Mr. Woolas: That is how government works. I have already been quizzed about Heathrow this morning. Transport Ministers often have to answer for policies that are not directly within their remit, which is the point. We believe that including the individual title “Prime Minister” in the amendments is a token—let me put it that way—if not tokenism, which is not the best way for the Government to work. That is why we urge the Committee to resist the amendments tabled by the hon. Member for Cheltenham amendments and return to this clause what was taken out in the other place.
Gregory Barker: The Minister bases his case on procedures and mechanisms in the machinery of government, but does it not boil down simply to political clout? He has made a comparison with the Chancellor of the Exchequer, but the Chancellor lives at No. 11 Downing street, immediately adjacent to the Prime Minister, and occupies a great and historic office of state that sits at the very top of Cabinet precedent. With respect, unless the Environment, Food and Rural Affairs Secretary has a unique personal relationship with the Prime Minister, they will not have that standing in government. We know that, because that position is usually somewhere in the middle or right at the bottom of the list of Cabinet appointments. It is simply not living in the real world to compare the punch and political authority of the Environment, Food and Rural Affairs Secretary with that of the Chancellor of the Exchequer, let alone the Prime Minister.

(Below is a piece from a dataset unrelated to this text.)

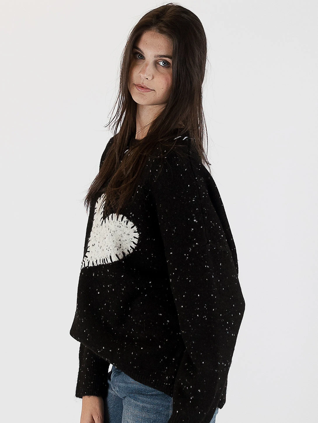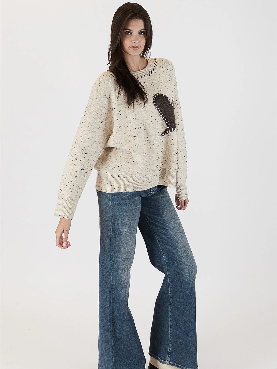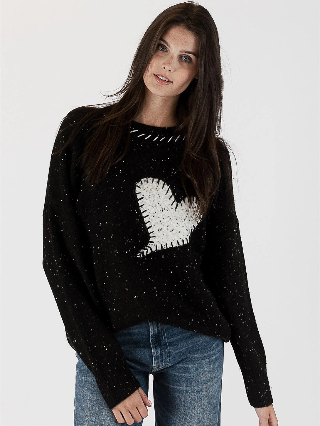 This sweater is a playful and stylish addition to your wardrobe. This sweater combines trendy flecked details with a large heart motif and top stitch accents, creating a unique and eye-catching design.

Mr. Woolas: I do not accept that that reflects an understanding of how government works. First, policies need to be cleared across government. Secondly, the introduction of carbon budgets greatly enhances the importance of the policy decisions that flow from them. If the hon. Gentleman accepts that—I think that he does, because he has said so—I am grateful to him for his view. The hon. Member for Banbury has also referred specifically to that point, and he must also accept that the machinery of government has to be able to cope. Just as finance decisions are addressed across Departments and the ring is held by the Treasury, so carbon budgets must be spread across government and the ring must be held by both the Treasury and DEFRA. We are not arguing about that. We are arguing whether the Prime Minister should be mentioned in the Bill, but the very nature of our system of government is that Ministers are accountable to the Prime Minister, which is implicit.
Steve Webb: Does not the analogy with the Chancellor break down, because the Chancellor has one thing that the Environment, Food and Rural Affairs Secretary does not have? The Chancellor raises money and allocates it to Departments, whereas the Environment Secretary does not have a pot of carbon to hand out between Departments and simply has to hit a target. If the Department for Transport or another Department were to say, “No; we want a bigger share of the carbon budget,” the Environment, Food and Rural Affairs Secretary would not have the clout to arbitrate and would have to go through the Prime Minister, which is why the Prime Minister should be accountable.
Mr. Woolas: We are all accountable to the Prime Minister for everything. We are appointed by the Prime Minister and we are sacked by the Prime Minister. That is the way in which we run this Government. The Committee on Climate Change advises the Environment, Food and Rural Affairs Secretary, and in that analogy they have a carbon pot.
We are approaching lunch time, so I commend Government amendments Nos. 4 and 5 to the Committee and urge it to resist amendments Nos. 33, 76, 77 and 85.
Question put, that the amendment be made:—
The Committee divided: Ayes 11, Noes 8.